Они придут завтра - страница 16

стр.

Неслышно к костру подсел Михаил Седалищев. Проводник любил расспрашивать Сергея на своем родном якутском языке обо всем, что совершалось на земле. Ему казалось, что ученый юноша знает все.

Михаил долго и молча сидел, уставившись немигающим взглядом на золотистые, пляшущие языки пламени. Наконец он грустно проговорил, не меняя позы:

— Сэрэга, мой народ никогда не будет счастливым…

— Почему же? — Удивился юноша. — Якутия велика, богата и обильна, в ней на всех всего хватит.

Проводник молчал. Какую грустную историю рассказал он вчера.

— Был у нас глупый правитель. Разбогател, зазнался и ради забавы такое страшное дело задумал…

Раковский насторожился, хотел что-то переспросить и раздумал, — лучше не прерывать рассказчика, а то еще собьется и опять замолчит.

— Глупый правитель содрал кожу с живого оленя и погнал его в болото на съедение гнусам. С олешка, который и поит, и кормит, и одевает народ… Кричит олень… Кровь с него льет. Гнус мучает олешка. И где он покажется, там вымирают якуты. Собаки вымирают. Олешки вымирают. Скажи, почему — один совершит жестокую глупость, а весь народ — страдай?

Что мог Сергей ответить проводнику на эту страшную легенду? А может быть, якуты под тем олешком себя разумели? И это с них царские чиновники как с живых сдирали шкуру ради наживы, ради забавы в своих городах, на своих виллах?

Гнус… Овод… Они и здорового могут замучить до смерти. В мае — июне, как только начинается потепление, лиственница за каких-нибудь два — три дня покрывается зеленым пухом. И вот они — комары. Сначала чахлые, бессильно тычутся в кожу человека. Потом набирают силу. Все живое бежит от них к наледям, туда где дуют холодные ветры. Как великую благодать ожидает тогда человек похолодания, последних снежных метелей. Комары гибнут от холода. Однако благодать эта длится недолго, опять приходит потепление, а с ним новые тучи комаров. Откуда-то появляется овод. Он прокусывает кожу оленя и откладывает в ней яички. Бедные животные страдают, теряют в весе. Сергею показали шкуру, снятую с убитого оленя. Во многих местах она просвечивала.
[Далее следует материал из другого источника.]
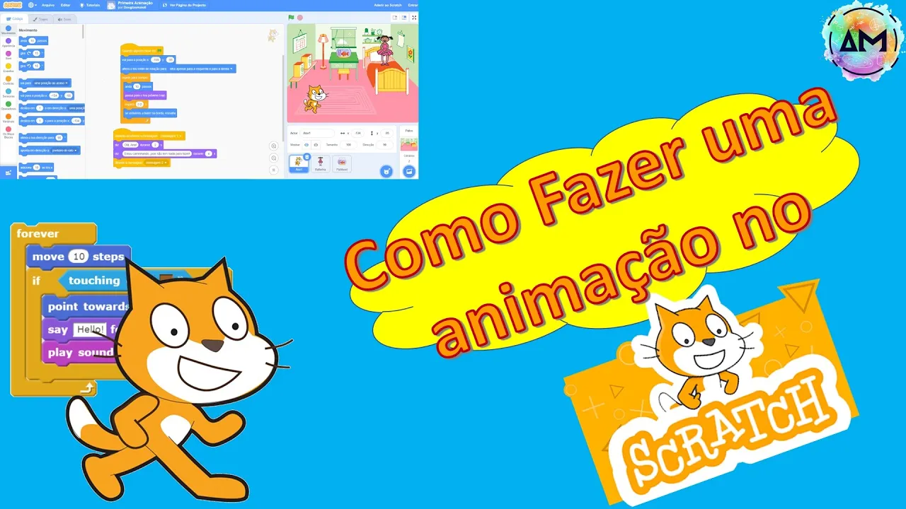 o olá pessoal que o professor douglas falando hoje vamos aprender a mexer um pouquinho no scratch bicyclette é um programa na tem uma plataforma da aprender e eu te passo de prender programação então a gente vai a gente vai fazer uma animação no scratch o bom é que se você for seguindo os passos que eu vou fazendo você vai fazendo junto e depois você conseguir rodar minha a animação você fazer a sua do jeito que você quiser que a fala que você quiser com os programas que você quiserem aí usar aquele criatividade e vamos começar não precisa falar nada dá para você usar os clientes online só concentra na plataforma do skate que é isso crash. net ponto e do snt universidade criou sweet carol m ait universidade americana vamos entrar em sicredi. net ponto vou deixar o link aqui embaixo clica em criar quando você clicar em criar vai abrir o editor do esporte então aqui no editor do sicredi primeira coisa se você entrar eu termino besta provavelmente vai estar em inglês tudo e as palavras aqui no editor também aqui nesse mundo aqui em cima você vai ver que tem várias línguas coloca português brasileiro grato não colocar português que você nasceu português de portugal vai ficar um pouco estranho para você me mandar algumas palavras coloca português brasileiro e agora vamos ver cada uma dessas partes significa estão primeiro tudo que a gente for programar vai ser executado nessa parte aqui onde está o gato aqui ó só parte branca aqui aqui a gente pode colocar a gente pode colocar o palco e é o fundo e os atores são os personagens que nós vamos ter que o palco por enquanto está em branco que a gente pode fazer aqui do ladinho embaixo e canto inferior direito tá em qual lá tem um botão que é selecionar cenário tem vários cenários que você pode ser ensinado se você quiser fazer desenhar o cenário algum programa também dá para usar aqui como o seu celular esqueci a sua cenário art floc eu tô aqui eu vou colocar esse cenário aqui nesse quarto aqui os atores estão por enquanto só tem o ator gato aqui e essa parte aqui é dos atores então esse gato se chama turma um tem o tamanho do lugar se eu quiser mudar as dimensões do gato eu posso mudar as dimensões do gato deixa maior menor a direção aqui que ele tá olhando também ó eu posso deixar ele olhando o lado que eu quiser vou deixar olhando para frente 90 é a posição dele a posição dele como que a gente tem imagina que aqui tem um eixo cartesiano x y e x oculta que não é bem no meio que tem isso bem no meio que tem um x então aqui seria 100 no começo meio se a gente colocar em outra posição ele vai ter um valor de x e o valor de isso no caso aqui ó xista menos 162 y - 99 militar se você quiser colocar os fatores é só clicar aqui ó selecionar o ator vai aparecer vários atores aqui há vários personagens vão colocar o que eu vou colocar essa bailarina colocar lá em cima aqui da cama e se quiser colocar mais atores pode colocar também é um colocar outro animal porque esse peixe deixa eu vou deixar aqui em cima da mesinha e esses atores eles vão interagir entre eles e com o usuário também ok aqui essa parte aqui do meio é onde vai estar nosso código então vai ter um código para cada dor né daqui é o código para o peixe se a gente ficava lendo aqui o código da bailarina se a gente fica no gato o código do gato né ele tá aqui ator um colocar aqui ó o nome dele é cá agora a gente chama gato é bem aqui onde eu vou colocar o programa né algoritmos do que o gato vai fazer eu vou pegar opções daqui ó aqui que a gente vai selecionar então tem ferramentas azul esqueçam de movimento mover girar e para uma posição fixa afundar para uma direção tem aqui ó se tocar na borda volte a gente vai ver isso como funciona estilo de rotação aparência é para falar alguma coisa para mudar o tamanho para mudar fantasia daqui a pouquinho da viu que a fantasia são evento geralmente inventa quando a gente vai começar dar uns como que a gente vai dar o start para ele falar alguma coisa para ele fazer alguma coisa né então tem alguns eventos que pode acontecer o controle de um repita teu espere tem os e você não espere até que o sensor tem alguma coisa que você a quando tocar no mar a tocar na borda quando tocar no outro né porque os operadores aqui que é só uma menos vezes divisão que os verdes e tem as variáveis a gente vai trabalhar com variável laranja e esse meu blocos é quando a fazer alguma função que a gente vai fazer aqui depois a gente pode ver melhor eles estão cada tipo tem uma cor vai ficar colorido o nosso código aqui na fantasia são posições diferentes que nós atores têm então por exemplo eu tenho ele aqui com a perna esticada e o próximo kapern corrida por aqui se eu for trocando a fantasia ele vai simular uma corrida o caminhada se eu vim aqui na bailarina clique aqui não vai lá ainda e a casa fantasia ella tá simulando que tá dançando então cada a turma ter uma certa fantasias para simular alguma coisa ok vamos para o gato e vamos começar o nosso código nosso colhe o primeiro a gente tem que dar um evento para começar eu vou colocar aqui ó pode ser quando clicar nele quando clicar no botão verde na bandeira verde eu vou colocar aqui ó quando a bandeira verde foi clicada que que venha fazer eu vou colocar para ele mover então vou lá no movimento o controle tá aqui no lar angu o quando tá aqui no amarelo o que é o evento e eu vou lá no azul para fazer um movimento colocar mova dez passos tão só clicar na bandeira verde ó cliquei cliquei cliquei cliquei que tá acontecendo ele tá movendo dez passos à se eu quiser aumentar mais passo colocar 50 por aqui ó eu até te vendo um pouquinho mas sabe que ele anda mais né cada vez que eu clico e vamos deixar dá espaço aí se eu quiser que liam de bastante ah então beleza já para a gente brincar no controle laranja tenho e pizza com a repita 10 vezes el

В августе болота и речные пороги изрыгают сонмища мошки. Она оголтело летит в рот, в глаза, в уши. Бесполезно убивать ее, кожа покрывается отвратительно грязным, жирным слоем, лучше отмахиваться или прятаться от нее за сетку.

Сергей научился спасаться от гнуса у дымного костра или на ветру. Он притерпелся к комариным укусам.

— Бедный олешка, — посочувствовал Раковский. — Где же спастись ему от гнуса?

— На девятом небе…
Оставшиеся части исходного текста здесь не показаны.